Mar 26, 2025 - 07:33

PREMISE

Simply breaking an entire document into regular CHUNKs has some disadvantages:

It does not allow you to incorporate all the semantics of the context because the cut can potentially occur at any point
If the information is integrated into a longer context, you lose information

In fact, for very structured topics it is preferable to use GraphRAG, which remains the best solution even if it is more complex to implement.
So I implemented this technique that I used in my project and it worked pretty well.
It has probably already been implemented (and certainly even better than what I did).

sandbox project

I KNOW it's typescript and not python! I'm used to using typescript!
The code is very simple and can be translated by eye.
However, the bulk of the work was the descriptions of the llm.

If you download it, you can run it by putting your google gemini API_KEY in .env
The demo processes a text (a tourist manual for Rome) and inserts it into the VECTOR DB:
npm run storeDB

Then you can chat to get information:
npm run chat

Or put a breakpoint and debug the selected file with the launch.json.

If you are crazy, you can also FORK by putting your API_KEY in the .env and run directly in the online sandbox.

SOLUTION

STORE the DOCUMENT on multiple levels

The idea is to ask an LLM to break the DOCUMENT into semantically coherent CHAPTERS.
These CHAPTERS are in turn divided into text BLOCKS (chunks) with the classic splitting techniques.
The BLOCKS maintain a reference to the CHAPTER from which they come.
And, finally, the BLOCKS are embedding and stored in the VECTOR DB (lancedb).

RECOVERY via QUERY

When I receive a QUERY I generate its embedding vector.
I use the VECTOR DB and obtain an array of text BLOCKS (those previously stored) semantically similar to the QUERY.
Each text BLOCK has a reference to the CHAPTER from which it was generated so I recover the relevant CHAPTERS.
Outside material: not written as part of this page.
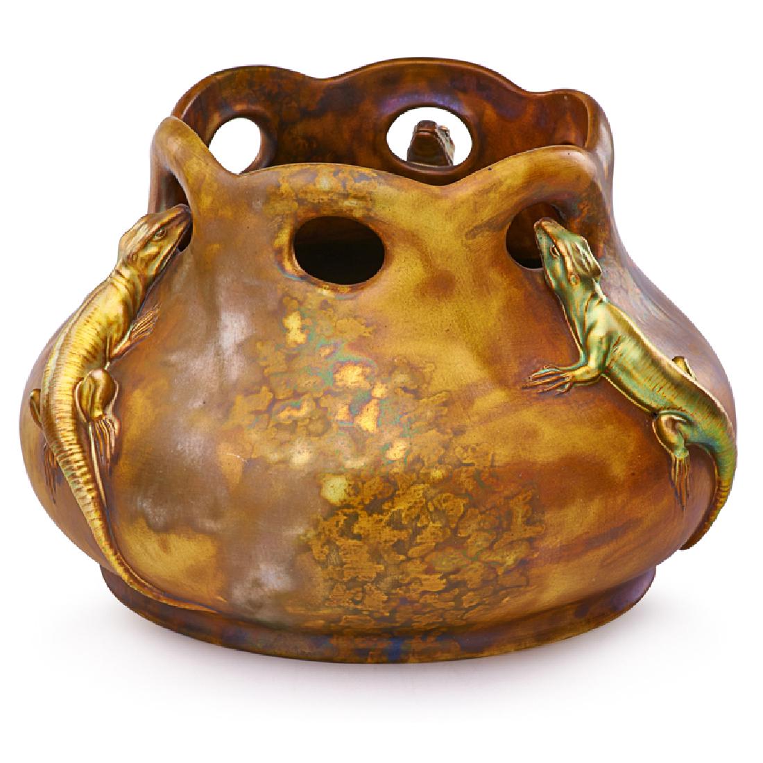 ZSOLNAY Large vessel with lizards

This allows you to recover an entire portion of text semantically consistent with the QUERY therefore useful for the RAG.

KB CREATION

Ok I have a DOCUMENT and I want to put it into a VECTOR DB, how do I do it?
Look at this code

I basically pass the DOCUMENT to the LLM and he decides how to divide it into CHAPTERS here.
This operation is performed on many tokens (the whole document) so it can be "heavy": It must be done with a single interaction and a few tricks.

FUN FACT:
If you give an LLM (gemini-2.0-flash) a very long document and ask it to return the CHAPTERS
it could take a very long time to complete the operation
or give you an error (it gave me one) because it has to re-generate all the tokens of the document itself!

The idea is to have the LLM return only the references of where each single CHAPTER begins
This allows to reduce the length of the response to a minimum and therefore speed it up a lot.

FUN FACT:
If you ask an LLM to give you a numerical position
for example: the number of characters from the beginning of the document after which a CHAPTER begins... it will surely get it wrong!
As you know an LLM cannot count the characters correctly since it uses TOKENS.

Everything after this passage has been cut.